In the Journal of Archaeological Science (December 2014) there is an article on blades and flints from the Hopewell Culture (Ohio, Missouri, Tennesee) – see http://apps.ohiohistory.org/ohioarchaeology/bladelets-flint-ridge-flint-… … and see also www.dispatch.com/content/stories/science/2014/12/07/01-flint-tool-disapp…

The Hopewell Culture, famous for its monumental architecture (the Ohio mounds) and massive earth moving enterprises, had a wide interaction sphere. In other words, it traded far and wide with contemporary peoples. Copper came from Ontario, mica from the Carolinas, obsidian from Montana, and shells came up river from the Gulf of Mexico, and so on. Why was Hopewell a magnet for trade – what did they make or possess to encourage such wide ranging trade networks? Well, it seems that Hopewell people had a prized item that other people desired – rainbow coloured flint. Tons of flint, it is calculated, were dug out of quarries at what is known as Flint Ridge. Flint knappers then fashioned the flint, in situ, into two standard forms that were traded far and wide. The first format was as small leaf shaped blades that were attached to wooden hafts and used in a variety of ways – for skinning and cleaning hides, for cutting and scaping etc. The second format was as flint cores – roughly cone shaped. These were the equivalent of metal ingots, and transported as cores to be worked into longer blades at the point of destination. These two forms of Ohio flint are found right across eastern N America.
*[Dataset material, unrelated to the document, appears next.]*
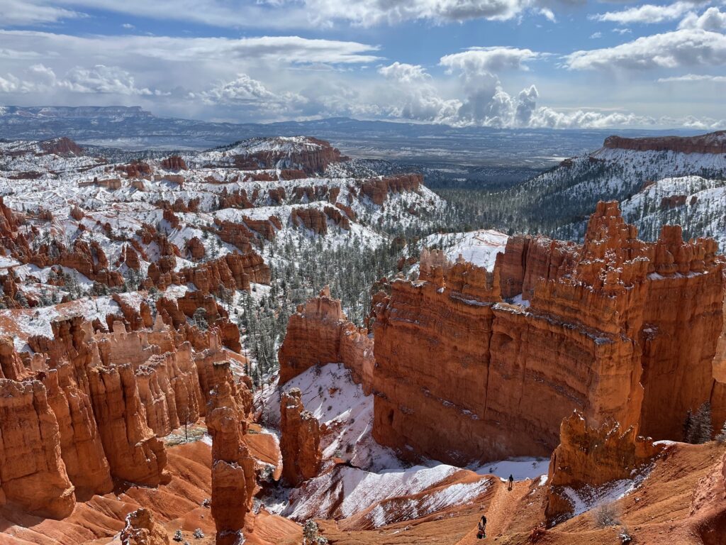 Zion is more popular and accessible than Bryce, attracting about five million visitors annually compared to Bryce’s 2.4 million. Because Zion sits at lower elevations than Bryce, its climate is milder in winter and hotter in summer. In mid-April, we enjoyed warm, sunny weather in Zion – and below-freezing temperatures plus snow one day in Bryce. Due to its high elevation, the weather at Bryce can be highly variable for much of the year.

Bladelets were used to work bone, antler and wood – and were extremely versatile tools. You would have thought the use of flint from Ohio would have outlived Hopewell – but it didn't. When Hopewell collapsed the rainbow flint was lost – and the technology to create the leaf shaped flakes and the flint cores with it. The key appears to be the era of Hopewell civilisation, between 100BC and 400AD, coinciding with the Roman Warm Period on the other side of the pond. Its demise occurred at exactly the same time the Roman Empire experienced death throes. These are usually blamed on barbarian invasions – an idea that ignores the fact that something caused the barbarians to shift and migrate. The explanation is that barbarians from further east were pressing up against them – but what caused the eastern barbarians to become restless enough to migrate long distances. It is rather illuminating to see that the same thing was happening in N America at the very same point in time. Environmental change is a factor in the Dark Ages and the inference is that similar environmental change was occurring in the Americas. 

In addition, we may note that Hopewell was abandoned in the same way that Maya cities were often abandoned and covered over with earth – taken out of service. The same thing has been noted with the temple complex on the Ness of Brodgar in the Orkneys – but a couple of thousand years prior to the Hopewell abandonment. The similarities lie in the fact that buildings with a religious (for want of a better word) flavour were purposely decommissioned as if the gods had ignored the efforts of the humans. Was all the effort put into the mounds and circles and plazas etc all deemed without purpose – the gods had not listened to humans and it was all to no avail. We may also wonder why Christianity suddenly blossomed around AD400 in Celtic western Europe, had the old gods been seen to have failed? The Roman world fell into disastrous decline for a while and when the dust lifts different people are dictating events and the old imperial system has been modified. Signs and wonders in the sky, and transient phenomena of various kinds, do not leave a mark on history. We don't know what might have been involved – what was happening in the sky in order to drive people to adapt to a new belief system. Writing was not universal – and many of the documents that have survived have been rewritten and reassessed in a different era. Just as modern historians are want to smirk at references to unusual events in the sky, and the idea comets brought death and destruction, so too did people rationalise the abnormal in days long gone. Oh for a mobile phone with camera on the Dark Ages.